Records contained in a dataset:
=======

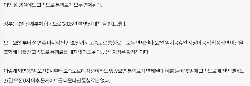 - 고속도로 통행료 면제 : 2025년 설 연휴 기간 동안 고속도로 통행료가 면제됩니다.
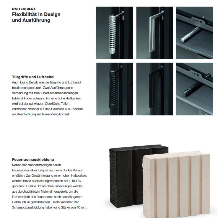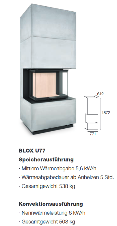 BLOX-Modulkamine sind eine einzigartige Kombination aus Technologie und Design. Sie zeichnen sich durch ihre schnelle und intuitive Installation aus. Sie bestehen aus einem Kamineinsatz, einem Stahlsockel mit speziellen Schienen für die Luftzufuhr und einer Betoneinfassung. Optional können Sie bei der Konfiguration des Produkts zwischen konventionellem Konvektionsbetrieb oder Speicherheizung wählen.
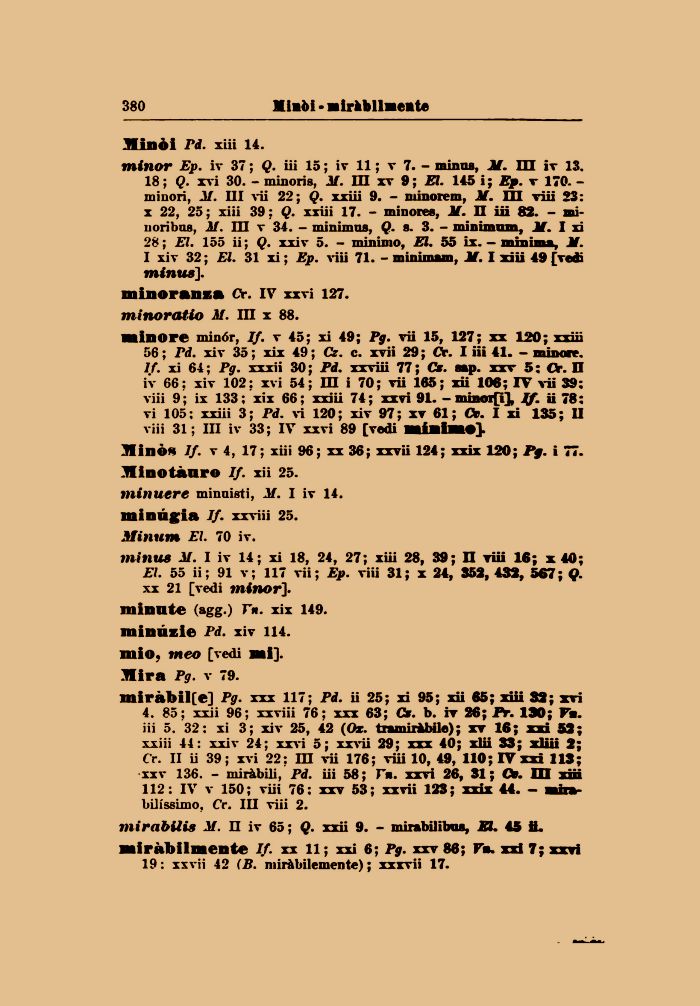 minor Ep. iv 37 ; Q. iii 15 ; iv 11 ; v 7. - minila, M. HI iv 13. 18 ; Q. xvi 30. - minori», il. Ili xv 9 ; El. 145 i ; Ep. v 170. -minori, il. Ili vii 22; Q. xxiii 9. - minorem, M. III tììì 23: x 22, 25 ; xiii 39 : Q. xxiii 17. - minore», M. II iii 82. - mi-uoribn», if. Ili v 34. - minimo», Q. 8. 3. - minimum, M. I xi 28 ; El. 155 ii ; Q. xxiv 5. - minimo, El. 55 ix. — Jf.
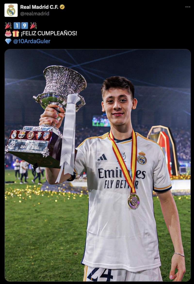 Yetenekli futbolcunun kulübü Real Madrid, sosyal medyadan doğum günü paylaşımı yaptı. İspanyol ekibi, Arda'nın yeni yaşını kutladı.
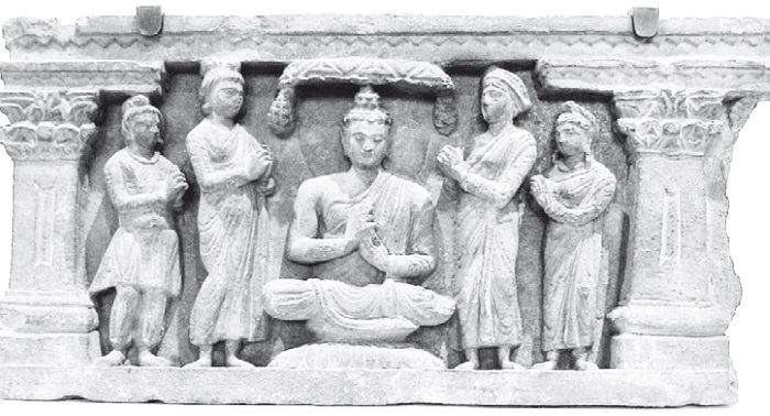 Барельеф с изображением молящихся вокруг божеств Будды, Брахмы и Индиры. II век н. э. Музей Гиме, Париж
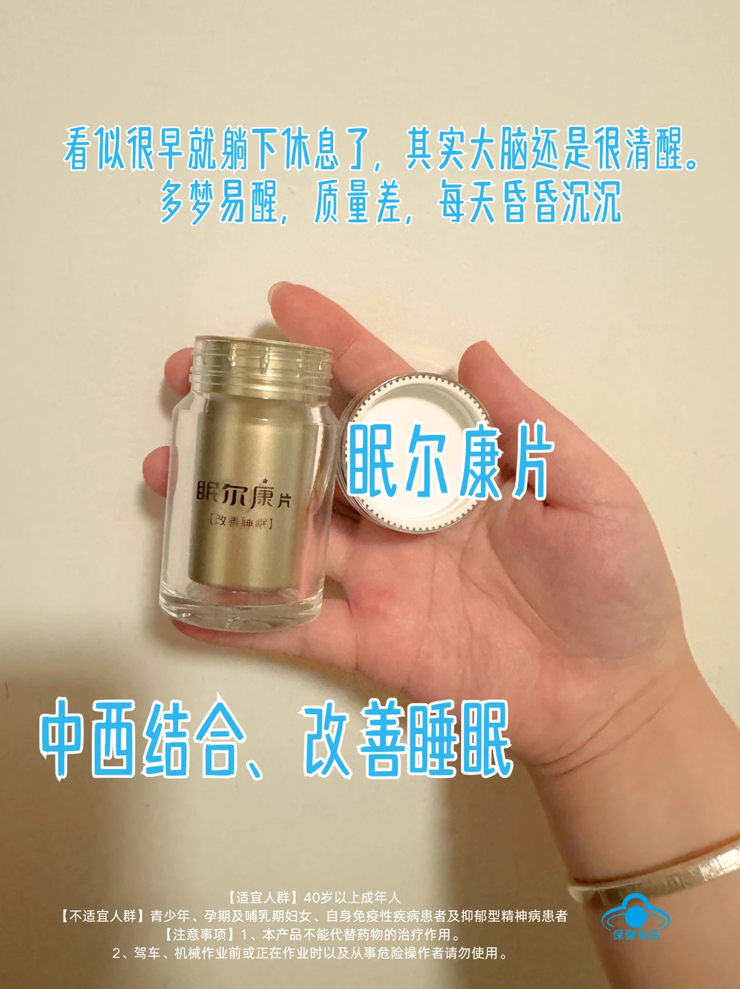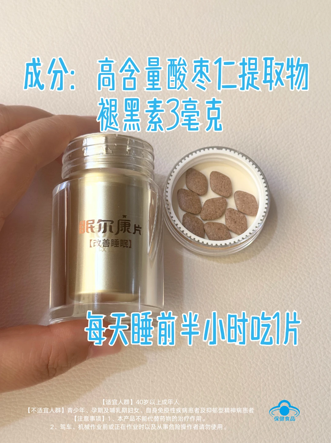 睡不好觉,真的很影响状态。 如果你也常躺下很久睡不着、夜里易醒、早起还是累,也许需要给大脑补充些“睡眠营养”。 【眠尔康片】含科学搭配的助眠成分: 🌿 酸枣仁提取物+🌙 褪黑素 中西结合、两者协同,从神经与节律双通路支持自然入睡。 【适宜人群】40岁以上成年人 【不适宜人群】青少年、孕期及哺乳期妇女、自身免疫性疾病患者及抑郁型精神病患者 【注意事项】1、保健品不是药物、本产品不能代替药物的治疗作用。 2、驾车、机械作业前或正在作业时以及从事危险操作者请勿使用

=======

## Task
The response has to be an exact copy of all the data, pictures excluded.

## Result of the task
 - 고속도로 통행료 면제 : 2025년 설 연휴 기간 동안 고속도로 통행료가 면제됩니다.
 BLOX-Modulkamine sind eine einzigartige Kombination aus Technologie und Design. Sie zeichnen sich durch ihre schnelle und intuitive Installation aus. Sie bestehen aus einem Kamineinsatz, einem Stahlsockel mit speziellen Schienen für die Luftzufuhr und einer Betoneinfassung. Optional können Sie bei der Konfiguration des Produkts zwischen konventionellem Konvektionsbetrieb oder Speicherheizung wählen.
 minor Ep. iv 37 ; Q. iii 15 ; iv 11 ; v 7. - minila, M. HI iv 13. 18 ; Q. xvi 30. - minori», il. Ili xv 9 ; El. 145 i ; Ep. v 170. -minori, il. Ili vii 22; Q. xxiii 9. - minorem, M. III tììì 23: x 22, 25 ; xiii 39 : Q. xxiii 17. - minore», M. II iii 82. - mi-uoribn», if. Ili v 34. - minimo», Q. 8. 3. - minimum, M. I xi 28 ; El. 155 ii ; Q. xxiv 5. - minimo, El. 55 ix. — Jf.
 Yetenekli futbolcunun kulübü Real Madrid, sosyal medyadan doğum günü paylaşımı yaptı. İspanyol ekibi, Arda'nın yeni yaşını kutladı.
 Барельеф с изображением молящихся вокруг божеств Будды, Брахмы и Индиры. II век н. э. Музей Гиме, Париж
 睡不好觉,真的很影响状态。 如果你也常躺下很久睡不着、夜里易醒、早起还是累,也许需要给大脑补充些“睡眠营养”。 【眠尔康片】含科学搭配的助眠成分: 🌿 酸枣仁提取物+🌙 褪黑素 中西结合、两者协同,从神经与节律双通路支持自然入睡。 【适宜人群】40岁以上成年人 【不适宜人群】青少年、孕期及哺乳期妇女、自身免疫性疾病患者及抑郁型精神病患者 【注意事项】1、保健品不是药物、本产品不能代替药物的治疗作用。 2、驾车、机械作业前或正在作业时以及从事危险操作者请勿使用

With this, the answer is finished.